La rentrée littéraire, voilà bien quelque chose que je regarde de loin. Pour moi, c’est à peu près le même principe que tous les « grands » prix littéraires : du marketing. Une tentation supplémentaire (déjà que ce n’est pas très difficile) de nous envoyer directement voir nos libraires.
Mais voilà, petite curieuse que je suis, je jette toujours un coup d’œil aux sélections et cette année, je suis tombée sur une véritable pépite (vraiment, je vais vous en parler et reparler pendant longtemps), un énorme coup de cœur littéraire : The Girls, d’Emma Cline.
          

The Girls d'Emma Cline (chez Quai Voltaire) bandeau

Nord de la Californie, fin des années 1960. Evie Boyd, quatorze ans, vit seule avec sa mère. Fille unique et mal dans sa peau, elle n’a que Connie, son amie d’enfance. Lorsqu’une dispute les sépare au début de l’été, Evie se tourne vers un groupe de filles dont la liberté, les tenues débraillées et l’atmosphère d’abandon qui les entoure la fascinent. Elle tombe sous la coupe de Suzanne, l’aînée de cette bande, et se laisse entraîner dans le cercle d’une secte et de son leader charismatique, Russell.

          
J’ai choisi The Girls parmi tant d’autres tout simplement pour l’ombre de Charles Manson planant sur le roman. J’ai toujours été attiré, psychologiquement parlant, par ce qui traite des tueurs en série, gourous et dictateurs. L’aura que ces hommes pouvaient (et ont toujours) avoir sur les femmes me fascine. Mais avec The Girls, ne soyez pas surpris, Emma Cline ne traite la « Manson Family » qu’en légère toile de fond*. L’auteur préfère nous parler de rapports entre les hommes et les femmes, ces adolescentes (The Girls) perdues dans leur âge et leur sexe. Comment passer du statut de fille à femme ?
Dans le livre, elles sont incarnées par Evie, Suzanne, Sasha, Helen & co mais cela pourrait être n’importe quelle fille. Elles se retrouvent être de simples poupées obéissantes, nourrissant secrètement l’espoir de se faire remarquer et d’être sauvées par un preux chevalier ou par un quelconque sentiment d’appartenance. Un conte de fée version hippie ou, « Il était une fois une jeune fille dans une société moderne ».

Emma Cline nous parle d’un âge au féminin, l’adolescence, avec une approche à la limite du documentaire tellement ses mots sont sincères et justes.

Tout ce temps consacré à me préparer, à lire des articles qui m’apprenaient que la vie n’étaient en réalité
qu’une salle d’attente,
jusqu’à ce que quelqu’un vous remarque, les garçons l’avaient consacré à devenir eux-mêmes.

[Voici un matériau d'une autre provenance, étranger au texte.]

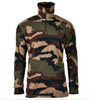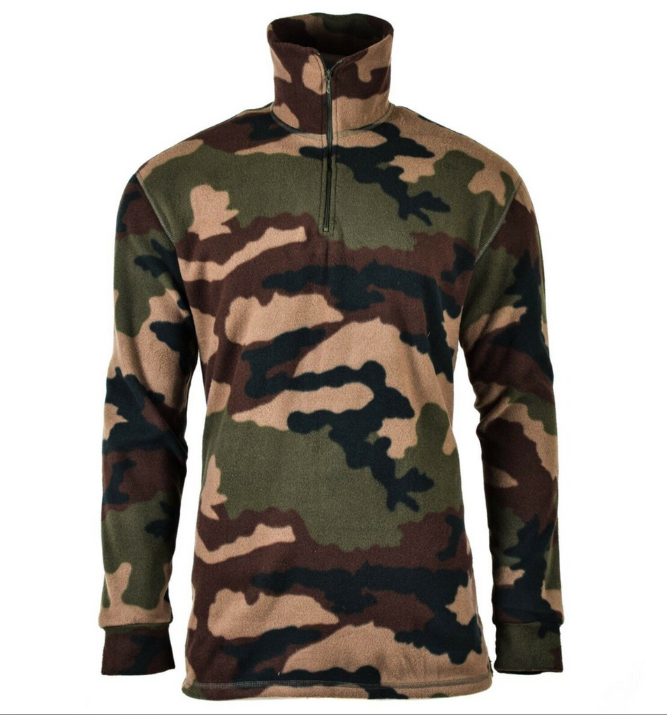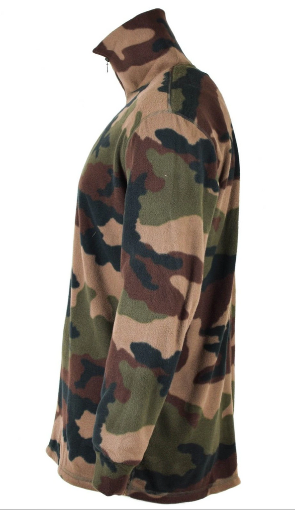 This is a very soft polyester fleece quarter-zip sweater. It is made to be an insulating layer for the French forces in cold conditions, so it should work perfectly for our cold Canadian winters too. Woodland camo pattern and a zippered collar to cover the neck. It can be worn zippered down to make a collar or zipped up as a neck warmer.  Genuine Military Surplus and New in Package! Marketed as European XL (112) & 2Xl (120), these fit little smaller, so we have them listed as Large & XL.

Pauvres filles. Le monde les engraisse avec des promesses d’amour.
Elles en ont terriblement besoin et la plupart d’entre elles en auront si peu

Nous découvrons une Evy, la bonne cinquantaine qui replonge en plein été 69, alors qu’elle n’avait que 14 ans, des parents divorcés, une amie plutôt effacée et  surtout, une quête d’une attention remplie désir. En faisant revenir à la surface ses souvenirs, Evy va avouer s’interroger depuis des années sur la même question : aurait-elle pu le faire ? Devrait-elle être en prison ?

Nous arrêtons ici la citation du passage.